# WHAT YOU ARE ASKED TO DO
From the first line to the last, copy the listing exactly and omit the images.

:: INFORMATION SUPPLIED ::

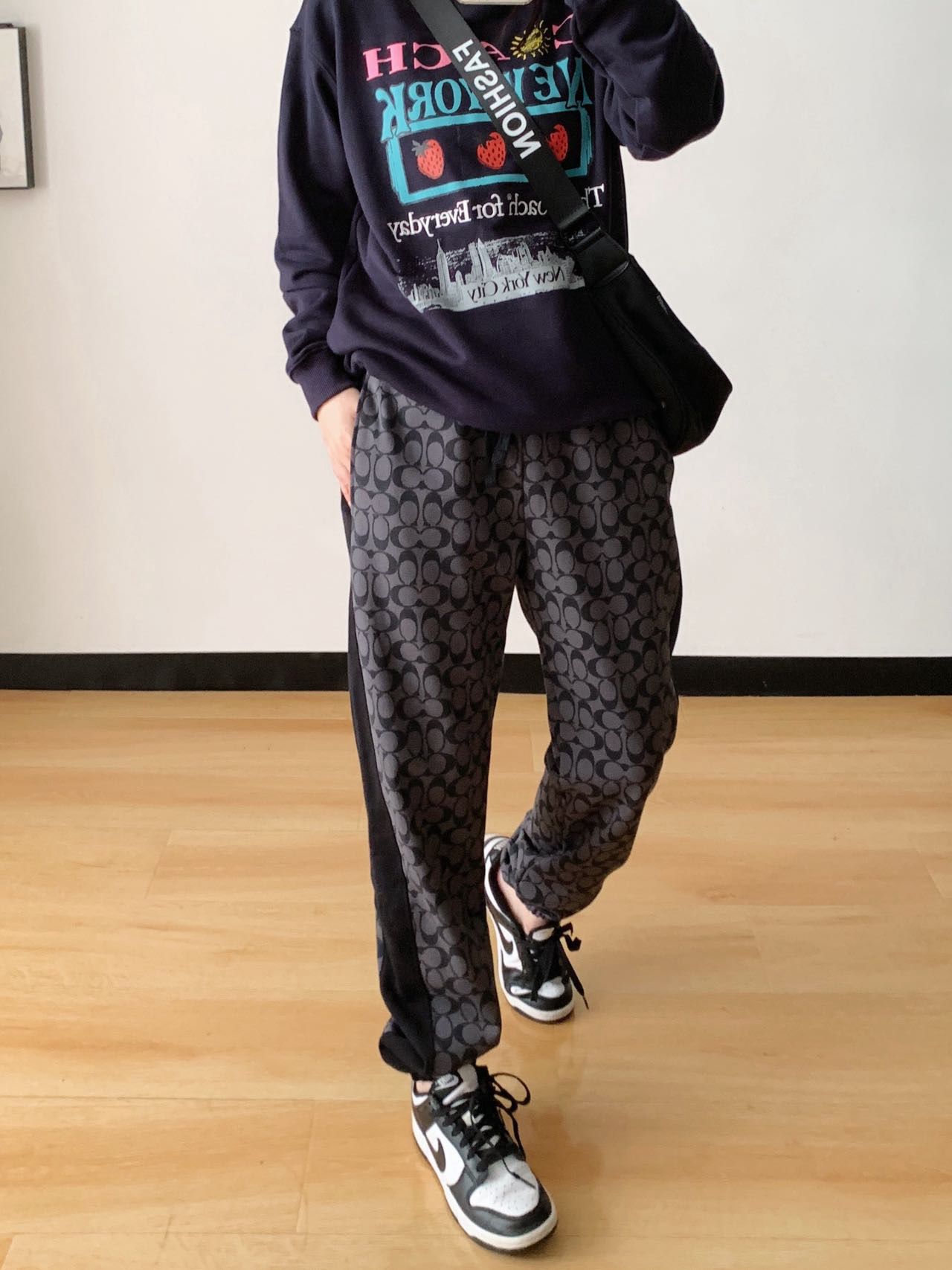 关键是基础老花+裤腿黑色撞色拼接的设计,穿上瞬间显腿直、显腿细
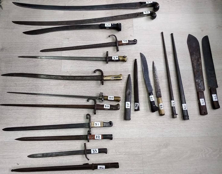 Μέσα στον ταξιδιωτικό σάκο βρέθηκαν 11 περίστροφα, 4 πυροβόλα όπλα χειρός μονής βολής, εμπροσθογεμές όπλο χειρός, δίκαννο με εξωτερικές σφύρες, ένα δίκαννο όπλο χειρός λειόκαννο με εξωτερικές σφύρες, 2 εμπροσθογεμή τρίκαννα όπλα χειρός μαύρης πυρίτιδας, εμπροσθογεμές εξάκαννο όπλο χειρός μαύρης πυρίτιδας, εμπροσθογεμές δίκαννο όπλο χειρός μαύρης πυρίτιδας, εμπροσθογεμές δίκαννο τύπου πιστόλας με εξωτερικές σφύρες, 3 σπαθιά, 9 ξιφολόγχες πολεμικών τυφεκίων, 4 θήκες ξιφολογχών, 2 ξιφίδια και 2 ματσέτες.
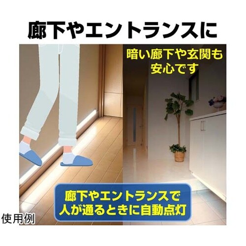 暗い場所で人に反応して自動で点灯し、約15秒後に自動で消灯します。別売の連結子機(31cm)を3台まで連結可能。 ※61cmの連結子機は使用できません。付属マグネットホルダーで角度調整可能導光板使用で |

:::

# ANSWER SECTION
 关键是基础老花+裤腿黑色撞色拼接的设计,穿上瞬间显腿直、显腿细
 Μέσα στον ταξιδιωτικό σάκο βρέθηκαν 11 περίστροφα, 4 πυροβόλα όπλα χειρός μονής βολής, εμπροσθογεμές όπλο χειρός, δίκαννο με εξωτερικές σφύρες, ένα δίκαννο όπλο χειρός λειόκαννο με εξωτερικές σφύρες, 2 εμπροσθογεμή τρίκαννα όπλα χειρός μαύρης πυρίτιδας, εμπροσθογεμές εξάκαννο όπλο χειρός μαύρης πυρίτιδας, εμπροσθογεμές δίκαννο όπλο χειρός μαύρης πυρίτιδας, εμπροσθογεμές δίκαννο τύπου πιστόλας με εξωτερικές σφύρες, 3 σπαθιά, 9 ξιφολόγχες πολεμικών τυφεκίων, 4 θήκες ξιφολογχών, 2 ξιφίδια και 2 ματσέτες.
 暗い場所で人に反応して自動で点灯し、約15秒後に自動で消灯します。別売の連結子機(31cm)を3台まで連結可能。 ※61cmの連結子機は使用できません。付属マグネットホルダーで角度調整可能導光板使用で |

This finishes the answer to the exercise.